Hexokinase 1-mediated plant immunity under abiotic stress depends on chloroplast positioning

Molecular networks involved in the responses of plants towards environmental changes are multifaceted and affect diverse metabolic and signalling pathways. Under challenging environmental conditions, such as low temperatures and high light intensities, plants need to immediately adjust their metabolism to prevent irreversible tissue damage, e.g., caused by reactive oxygen species. Regulation of photosynthesis and carbohydrate metabolism plays a crucial role in this stress response. Here, we analysed mutants of Arabidopsis thaliana , which were affected in either central enzymatic activities of carbohydrate metabolism, in chloroplast positioning or in a combination of both. Plants were exposed to a treatment of combined cold and elevated light. While mutants with deficiencies in sucrose ( spsa1 ) or starch ( pgm1 ) metabolism showed affected metabolic pathway regulation under abiotic stress, Hexokinase 1 mutants ( hxk1 ) showed a severe growth phenotype with lesions and pale areas on leaf tissue. In a double mutant, which combined deficiencies in Chloroplast Unusual Positioning 1 (CHUP1)-mediated chloroplast positioning and HXK1 ( chup1 x hxk1 ), this growth phenotype vanished resulting in wild type-like plants.

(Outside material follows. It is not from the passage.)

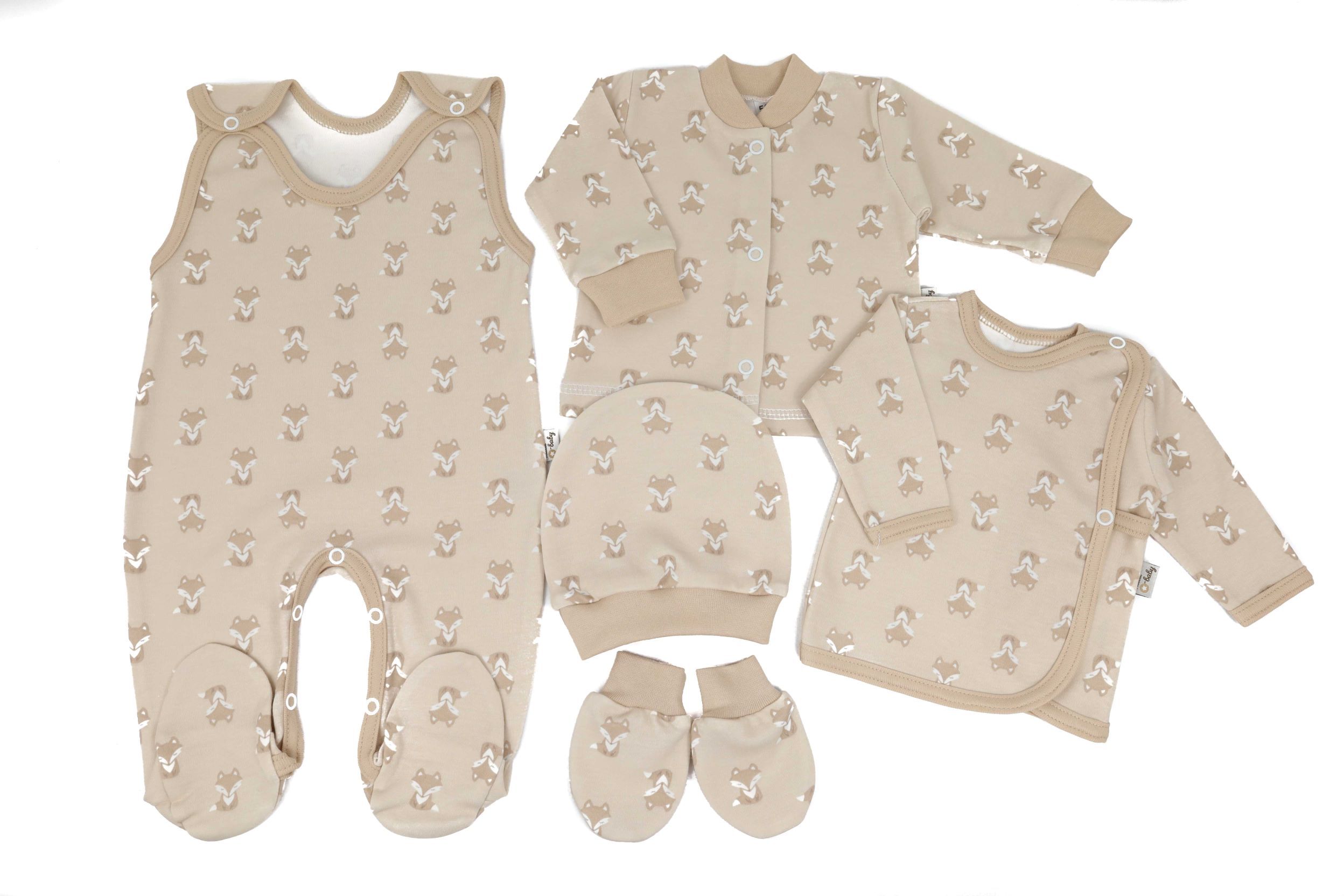 Kūdikio kraitelis - drabužėliai naujagimiui "Fox" 5 dalių smėlio spalvos

Transcriptome analysis revealed a significantly affected immune response of hxk1 plants, which was suppressed in the double mutants. Our findings provide evidence for a role of HXK1 as a positive regulator of the plant immune response. Finally, we suggest that, due to its potential role as a negative regulator of plant immunity, CHUP1 deficiency counteracted the reduced immunity of hxk1 in the double mutant which rescued the plants. Future studies might now reveal whether deficiencies in CHUP1 function and/or transcription represent a conserved strategy to increase plant immunity under abiotic stress.